Requirement: Apart from the pictures, every part of the records below gets retyped exactly.

Data records:
★ ★ ★

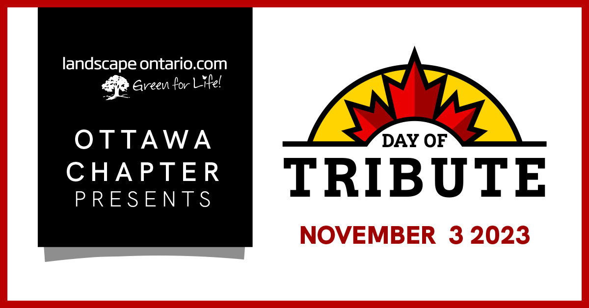 Each year before the November 11 Remembrance Day ceremonies in Ottawa, the Ottawa Day of Tribute event takes place to honor and celebrate Canadian veterans. It was created by Sharon Rouette-Urquhart of Green Unlimited in 2005 to give back to those who have served our country. The event uses the landscape and horticultural industry’s expertise to beautify and maintain properties while honoring those who have served.
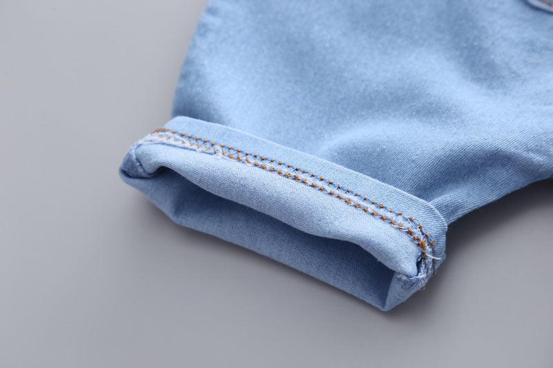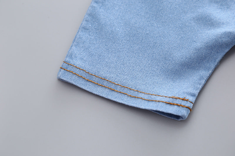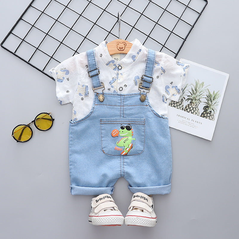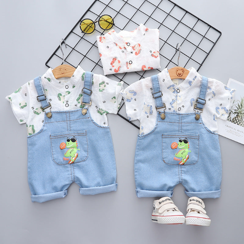 夏のおでかけがきちんと可愛く決まる 男の子半袖シャツ&デニムサロペットショーツ上下セット 恐竜プリント コットン 80~110cm
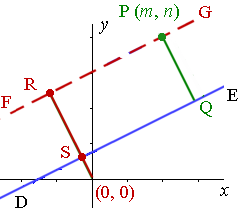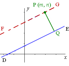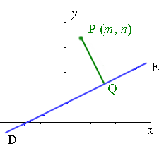 We have a point P with coordinates (m, n). We wish to find the perpendicular distance from the point P to the line DE (that is, distance `PQ`).
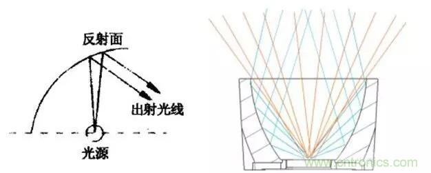 例如我們希望得到一個(gè)超窄光束角,如果使用鹵素?zé)糁椋◤U話熒光燈當(dāng)然不行了…),需要計(jì)算一個(gè)拋物線反射面,抓取燈珠往反射器方向這一半的光,變成平行光發(fā)出,同時(shí)還要遮蓋掉燈珠往外方向的光,以避免影響配光曲線(可參考QR111的結(jié)構(gòu),金鹵燈原理相同)。
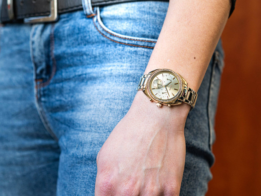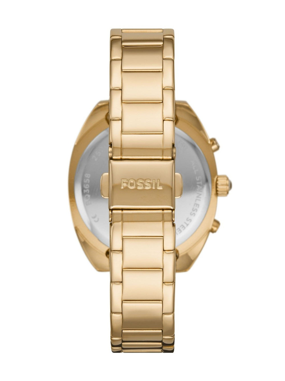 Designed for the lover of all things classy and lavish, this Vale Gold Watch from Fossil is crafted with thoughtfulness for the women who wish to keep a track of time with elegance. This 34mm timepiece features an exquisite gold sunray dial, chronograph movement and a gold-tone stainless steel bracelet. Water resistance upto 50M, this versatile timepiece can be perfectly paired with your casual as well formal attires.
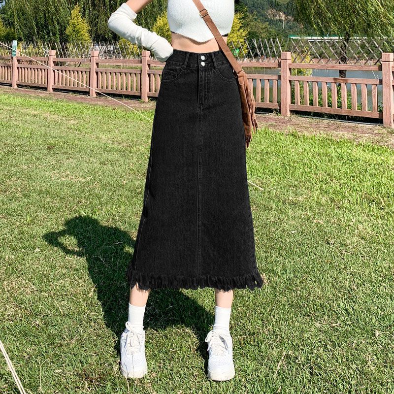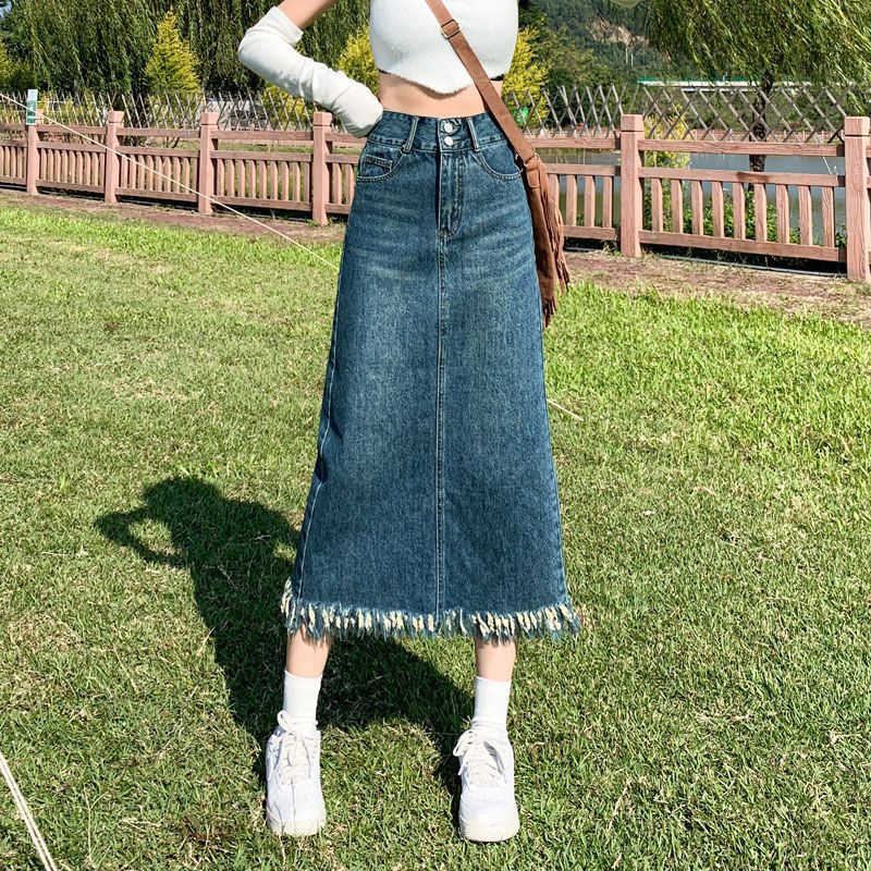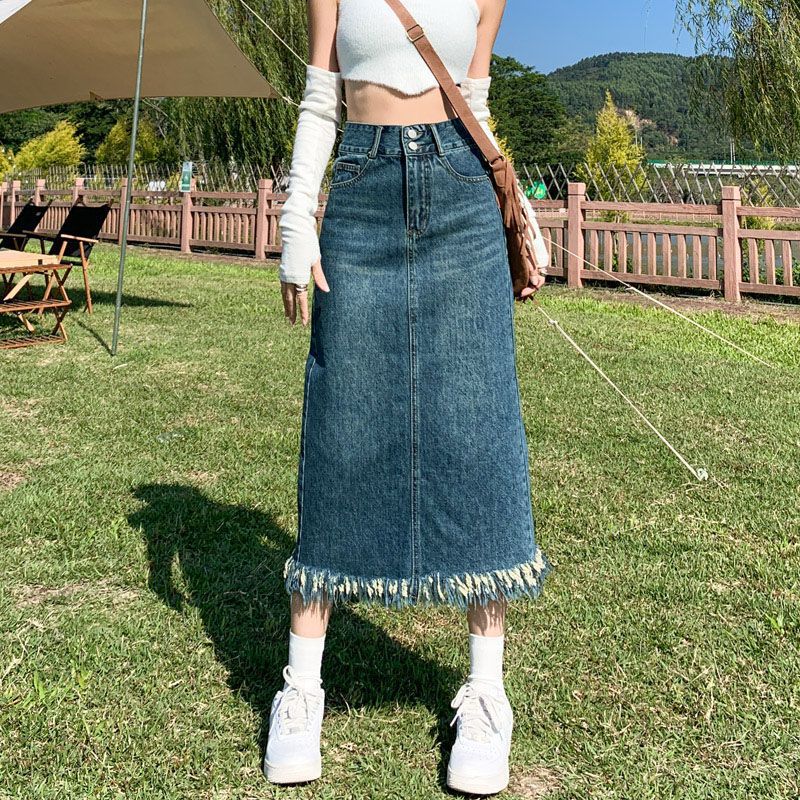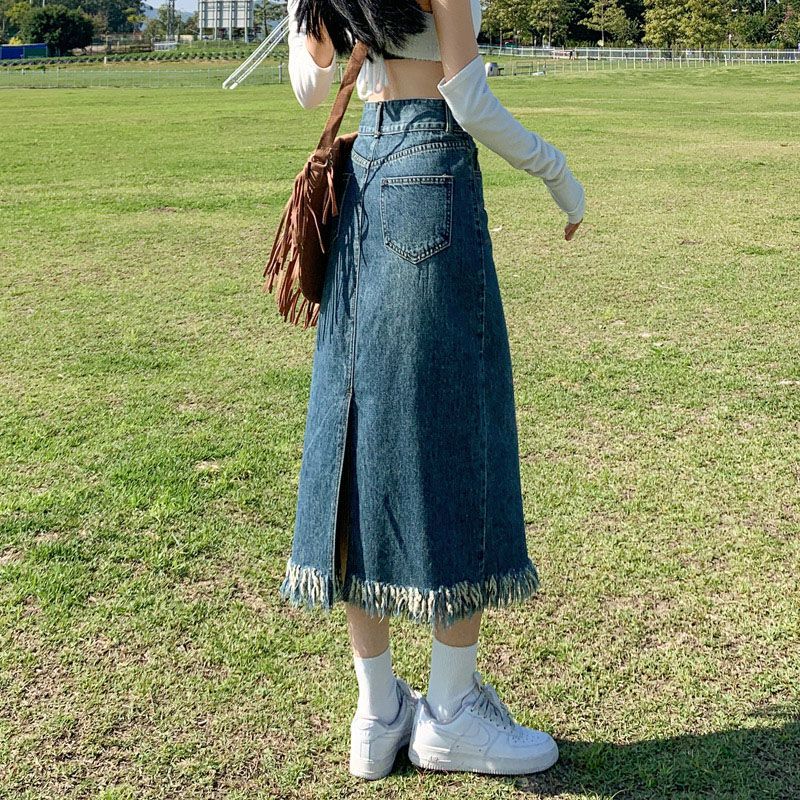 流苏后开叉牛仔半身裙女洋气高腰新款a字包臀中长裙显瘦

★ ★ ★

Solution to this task:
 Each year before the November 11 Remembrance Day ceremonies in Ottawa, the Ottawa Day of Tribute event takes place to honor and celebrate Canadian veterans. It was created by Sharon Rouette-Urquhart of Green Unlimited in 2005 to give back to those who have served our country. The event uses the landscape and horticultural industry’s expertise to beautify and maintain properties while honoring those who have served.
 夏のおでかけがきちんと可愛く決まる 男の子半袖シャツ&デニムサロペットショーツ上下セット 恐竜プリント コットン 80~110cm
 We have a point P with coordinates (m, n). We wish to find the perpendicular distance from the point P to the line DE (that is, distance `PQ`).
 例如我們希望得到一個(gè)超窄光束角,如果使用鹵素?zé)糁椋◤U話熒光燈當(dāng)然不行了…),需要計(jì)算一個(gè)拋物線反射面,抓取燈珠往反射器方向這一半的光,變成平行光發(fā)出,同時(shí)還要遮蓋掉燈珠往外方向的光,以避免影響配光曲線(可參考QR111的結(jié)構(gòu),金鹵燈原理相同)。
 Designed for the lover of all things classy and lavish, this Vale Gold Watch from Fossil is crafted with thoughtfulness for the women who wish to keep a track of time with elegance. This 34mm timepiece features an exquisite gold sunray dial, chronograph movement and a gold-tone stainless steel bracelet. Water resistance upto 50M, this versatile timepiece can be perfectly paired with your casual as well formal attires.
 流苏后开叉牛仔半身裙女洋气高腰新款a字包臀中长裙显瘦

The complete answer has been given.